Help with an aggregation pipeline

Reka_Burmeister · October 24, 2023, 6:39pm

I’m trying to put together an aggregation pipeline that filters a large data set, then returns a paginated subset, along with the total count and the earliest timestamp within the collection (regardless of the page). Would very much like to avoid a FETCH.

[
  {
    $match: {
      $and: [
        {
          "identifier.arrayField": {
            $in: ["0000000000001"],
          },
        },
        {
          $and: [
            {
              someArrayField: {
                $exists: true,
              },
            },
            {
              $and: [
                {
                  someArrayField: {
                    $elemMatch: {
                      itemId: {
                        $in: [
                          "65353aeabf6d627ba9bdc5cc",
                        ],
                      },
                    },
                  },
                },
                {
                  anotherField: {
                    $ne: "65361492e800c0150c7a7ed",
                  },
                },
              ],
            },
          ],
        },
        {
          anIndexedField: "value",
        },
      ],
    },
  },
  {
    $facet: {
      items: [
        {
          $sort: {
            "sort_field": 1,
          },
        },
        {
          $skip: 0,
        },
        {
          $limit: 10,
        },
      ],
      count: [
        {
          $count: "count",
        },
      ],
      ets: [
        {
          $group: {
            _id: null,
            earliestTimestamp: {
              $min: "$createDate",
            },
          },
        },
      ],
    },
  },
  {
    $addFields: {
      total: {
        $arrayElemAt: ["$count.count", 0],
      },
      earliestTimestamp: {
        $arrayElemAt: [
          "$ets.earliestTimestamp",
          0,
        ],
      },
    },
  },
]

The resulting explanation is extremely long but I can paste that in if it helps.

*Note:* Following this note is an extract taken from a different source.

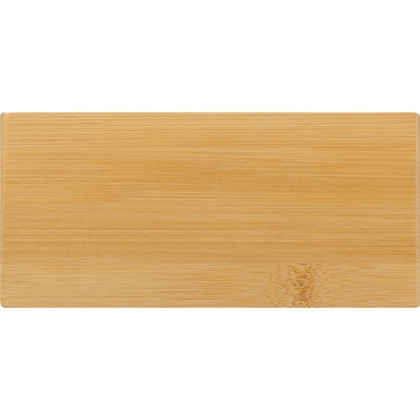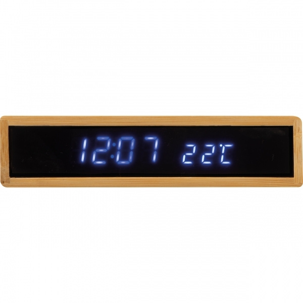 Digital desk clock made of bamboo with LED display, wireless charging, alarm function and temperature display. Your logo will be lasered onto the bamboo coating. Due to the natural bamboo grain, each item and each engraving is unique.
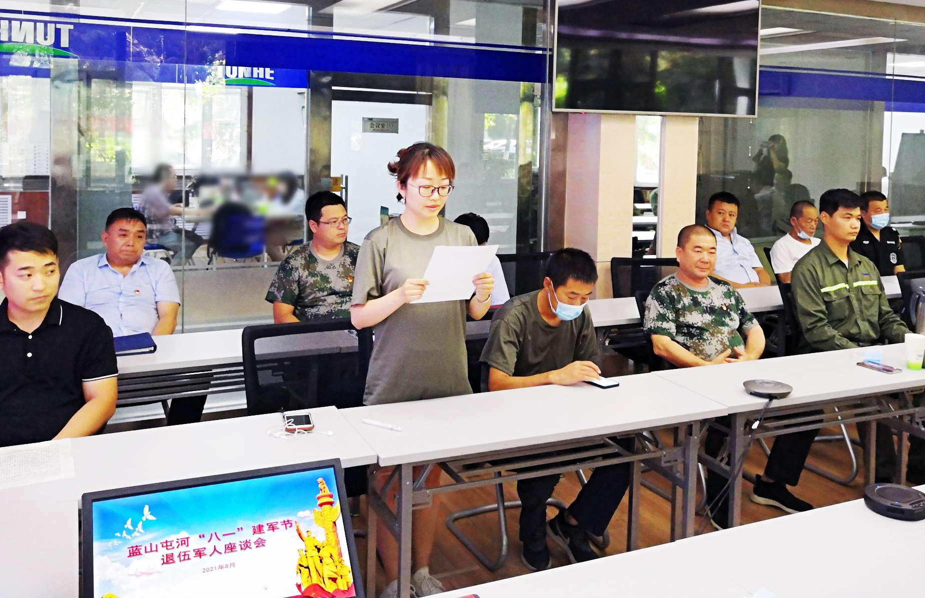 7月29日,在“八一”建军节94周年来临之际,蓝山屯河召开退役军人迎“八一”座谈会,全公司来自不同岗位的66名退伍军人参加了此次座谈会,会议以视频形式召开。

Ideally, I would like to avoid fetching the entire matching collection for the sake of a count and getting the earliest timestamp.

John_Sewell · October 24, 2023, 6:47pm

Why not just make 2 calls, one for the earliest and total and another for the data you want (try and avoid skip if you can and do a filter instead)? Do you need the total every time in case more documents are added as you’re paging? If that’s the case can you guarantee that the added document will be after the previously shown results?

This avoids the complexity and possibly limitations of a $facet stage.

You seem to have a lot of the query written already, what’s the problem you’re facing? If you’re seeing non-index hits then your index is not matching your filtering.

Reka_Burmeister · October 24, 2023, 9:01pm

I was thinking it might have to be that - was just hoping that everything can be done “nicely” within the aggregation but what I would like resembles a tree structure of pipelines rather than a linear one.

The query is written and working but the performance benchmarking vs the earlier version (doing separate calls) showed that the new solution is worse. It was very surprising as that version fetched the collection and did the sort + pagination in java instead. Still, it’s faster.

We think the problem is a FETCH after the IXSCAN - so the index is being used but the facet then seems to do a fetch for all hits.

I have another aggregation that’s similar but isn’t supposed to fetch any items, just their count, grouping them into 5 different facets after applying the groups’ individual matches - again, this is slower than doing 5 different calls.

As you say, might just be a limitation of the facet - I confess I didn’t read its documentation thoroughly enough.